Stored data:
# # #

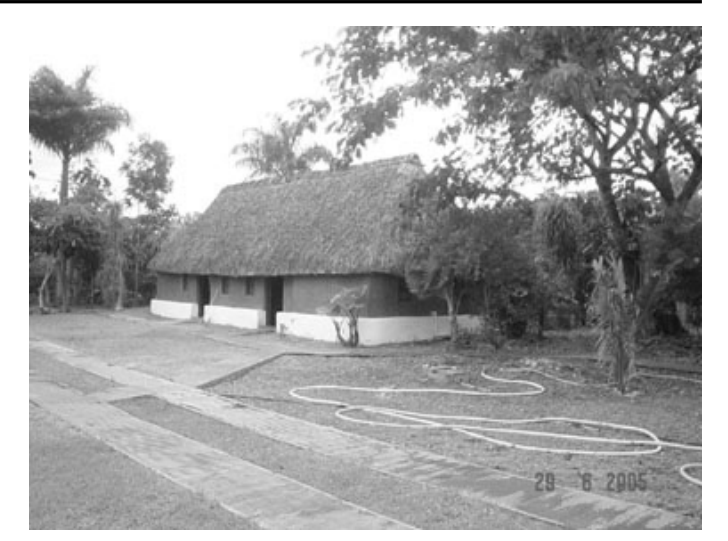
Bilingual Mayan/Spanish School of Ecological Agriculture (Mexico)

Under-development, more than the consequence of insufficient resources, is generally the result of insufficient knowledge among rural communities. These communities lack knowledge of how to use their resources more efficiently and how to best apply technologies that are culturally, economically, socially, and environmentally compatible. By combining traditional know-how and skills with external technical assistance, it is possible to generate opportunities for rural communities to improve their livelihoods, living standards, and needs.
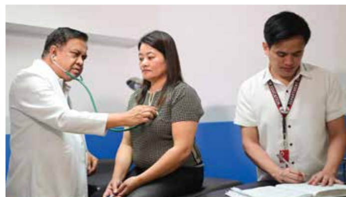
A staff of DepEd-QC receives free check-up inside the new clinic.
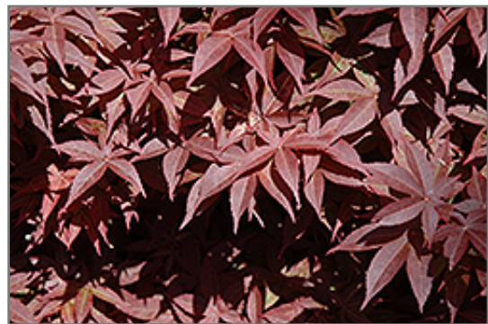
Rhode Island Red Japanese Maple foliage
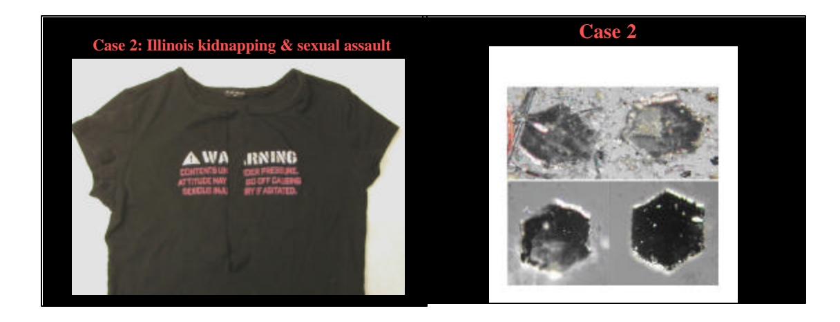
Left, cut through glitter design area of T-shirt. Right (top) glitter particle from victim's shirt and glitter particle recovered from clothing of suspect viewed as tape lifts and on separate stages of a comparison microscope. Right (bottom) same two particles after they have been picked off the tape and cleaned up.
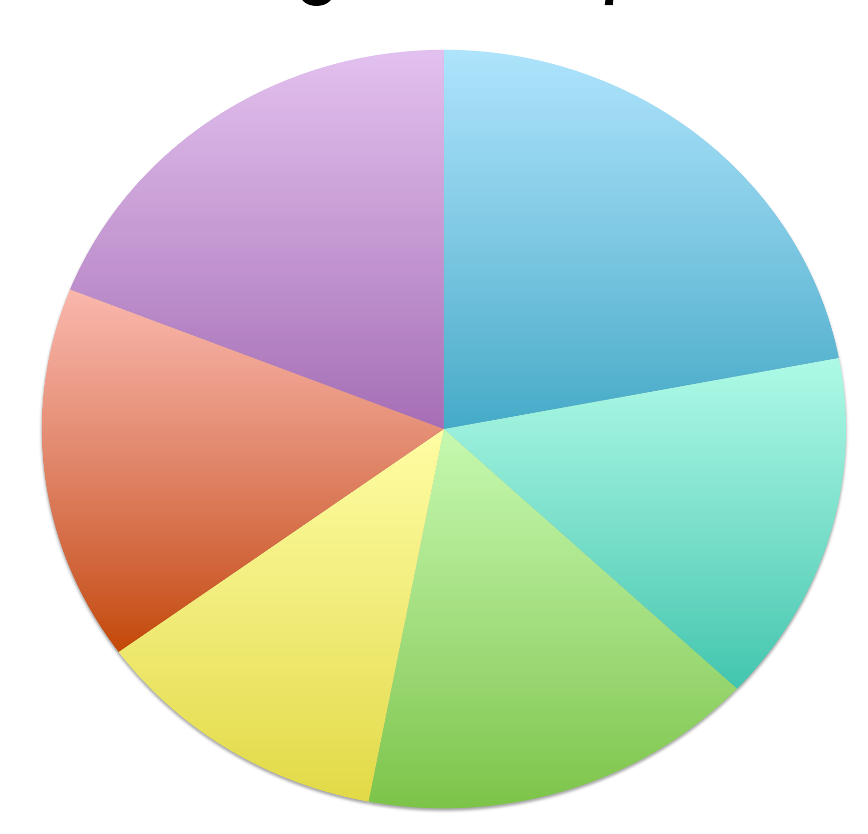
Figure 1: Clinical setting of initial presentation

Results: 103 women were identified, who were Figure 2: Proportion of women who had the necessary settings (Figure 1). Only 9 women were seen in more of presentation than one clinical setting. The median age was 31.7 years (IQR 21.0-37.4 years). Overall, the results were well below the target for each standard (Table 1). With regards to the investigations performed, there was significant variation in the performance of a karyotype and TPO Abs between the different clinical settings (Figure 2). With regards to treatment options discussed, there was significant variation between the different clinical settings for all apart from contraception (Figure 3).
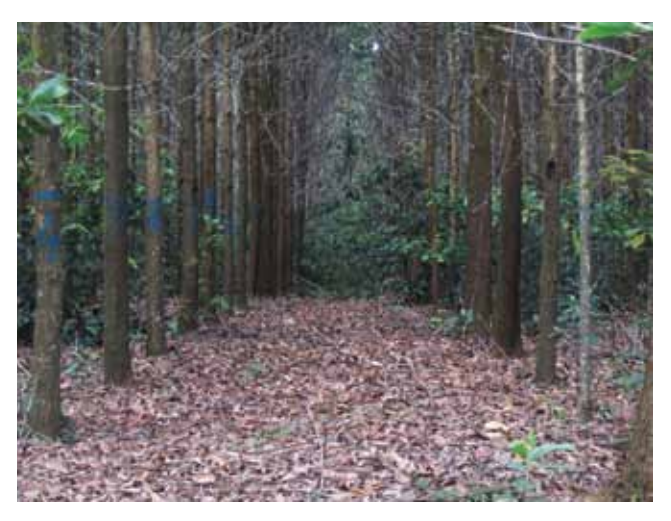
Figure 9. Three-year-old A. mangium trees planted with a spacing of 3\times 3 m in large-scale plantations in South Sumatra

Acacia mangium seedlings grown in fairly open conditions and on good sites often develop multiple leaders (Figure 10). In addition, the species has a poor self-pruning ability. Therefore, singling and pruning are necessary in an early stage of stand development if the aim is to maintain full growth potential and produce good-quality timber (Mead and Speechly
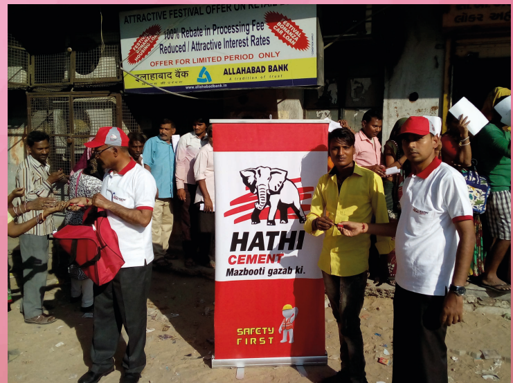
Helping public at Bank queues at Ahmedabad

With the objective to give impetus to the business through review of performance and advance planning, a Marketing Organizers meet was held at Bhuj on 17th December, 2016. This meeting aims at facilitating interactions between channel partners and market organizers (MO), gathering customer feedback, identifying opportunities and creating business plans.
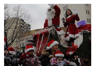
Santa and more kids. Just the way a parade should be.
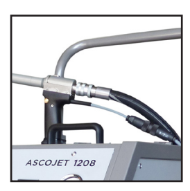
Vertically adjustable handle for easy handling
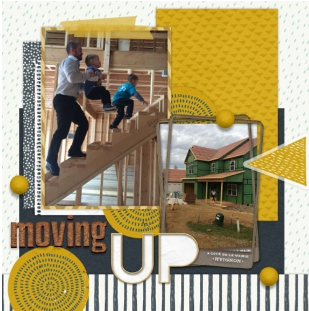
Layout by Erin
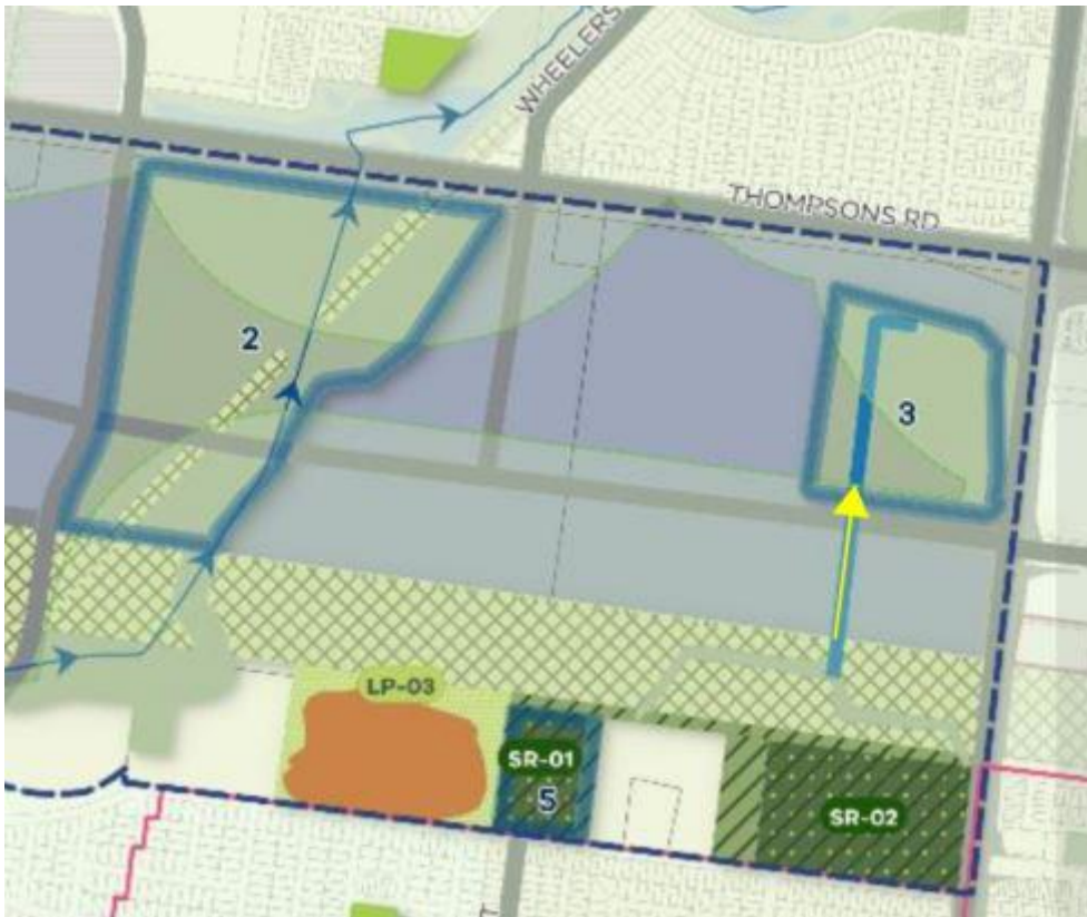
Image 3 – Major overland flow path (shown yellow) for Plan 7 - Public Realm and Water.
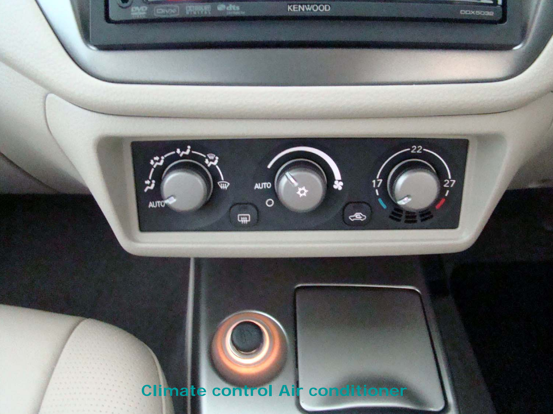
Climate control Air conditioner
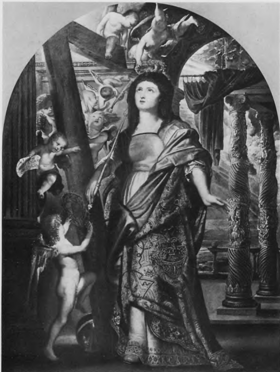
31. Rubens, St. Helena (No. 110). Grasse, Chapel of the Municipal Hospital
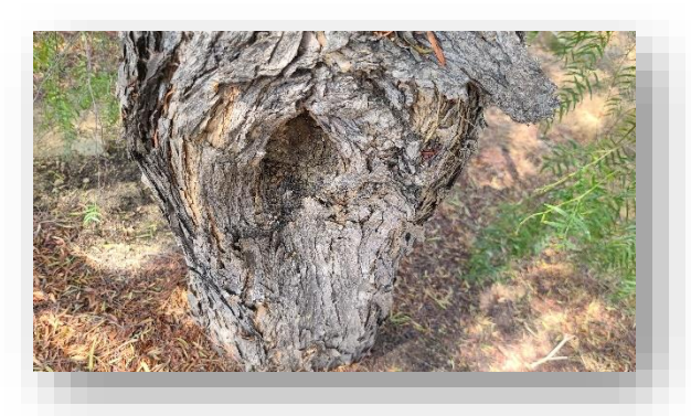
Plate 14. This is a view of a large cavity within the stem of a tree (#639).
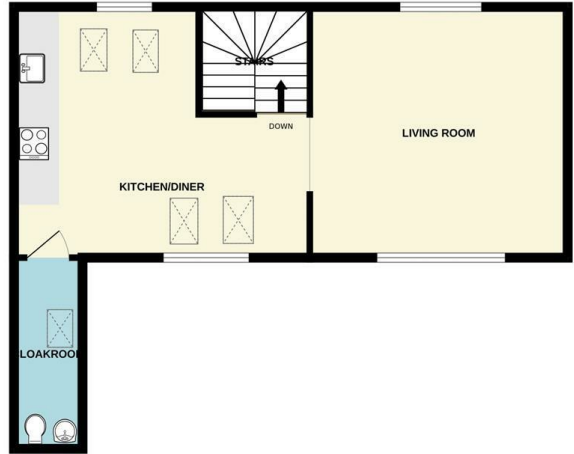
SECOND FLOOR 542 sq.ft. (50.4 sq.m.) approx.
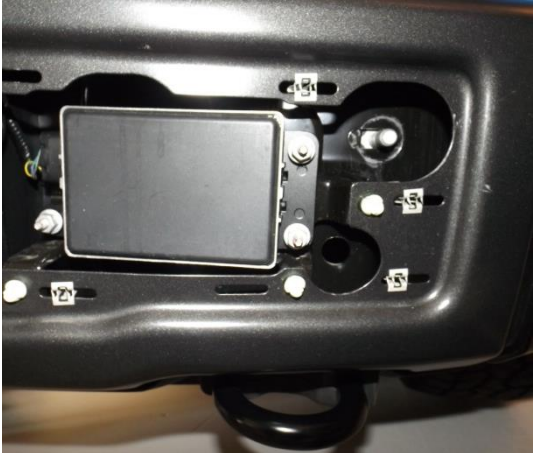
Figure 2a Figure 2b
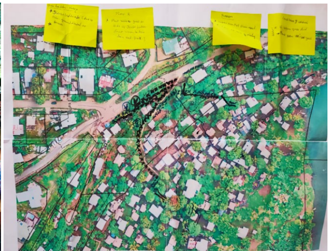
The PacSol team leader facilitating group discussions (l), aerial photos used in the community workshops (r)

Participants were divided into four break-out groups according to the NbS projects to be implemented in Koa Hill: urban garden, riverbank protection, and landslide prevention (zones 26 and 27). The groups discussed a range of social, cultural, and site issues relating to the pilot projects, as well as possible solutions for addressing various local social and environmental challenges.
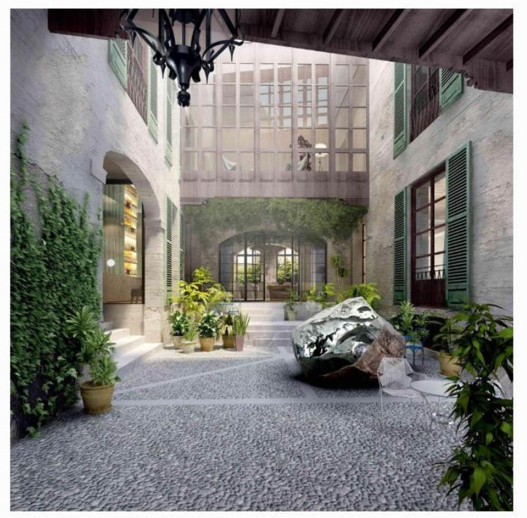
Where modern meets heritage.

Highlights include Palma's largest private garden, which has over 70 plant species, as well as a diverse array of olive, jacaranda and fruit trees all flourishing in this centuries-old hidden space. As well as offering a quiet sanctuary, the garden will also be used for intimate dining and spa experiences.

# # #

◆ ACTIVITY ◆
No picture is to be printed. Output exactly the lines above from the line containing "Rhode Island Red Japanese Maple foliage" through the line containing "Layout by Erin".

◆ RESPONSE BOX ◆
Rhode Island Red Japanese Maple foliage
Left, cut through glitter design area of T-shirt. Right (top) glitter particle from victim's shirt and glitter particle recovered from clothing of suspect viewed as tape lifts and on separate stages of a comparison microscope. Right (bottom) same two particles after they have been picked off the tape and cleaned up.
Figure 1: Clinical setting of initial presentation

Results: 103 women were identified, who were Figure 2: Proportion of women who had the necessary settings (Figure 1). Only 9 women were seen in more of presentation than one clinical setting. The median age was 31.7 years (IQR 21.0-37.4 years). Overall, the results were well below the target for each standard (Table 1). With regards to the investigations performed, there was significant variation in the performance of a karyotype and TPO Abs between the different clinical settings (Figure 2). With regards to treatment options discussed, there was significant variation between the different clinical settings for all apart from contraception (Figure 3).
Figure 9. Three-year-old A. mangium trees planted with a spacing of 3\times 3 m in large-scale plantations in South Sumatra

Acacia mangium seedlings grown in fairly open conditions and on good sites often develop multiple leaders (Figure 10). In addition, the species has a poor self-pruning ability. Therefore, singling and pruning are necessary in an early stage of stand development if the aim is to maintain full growth potential and produce good-quality timber (Mead and Speechly
Helping public at Bank queues at Ahmedabad

With the objective to give impetus to the business through review of performance and advance planning, a Marketing Organizers meet was held at Bhuj on 17th December, 2016. This meeting aims at facilitating interactions between channel partners and market organizers (MO), gathering customer feedback, identifying opportunities and creating business plans.
Santa and more kids. Just the way a parade should be.
Vertically adjustable handle for easy handling
Layout by Erin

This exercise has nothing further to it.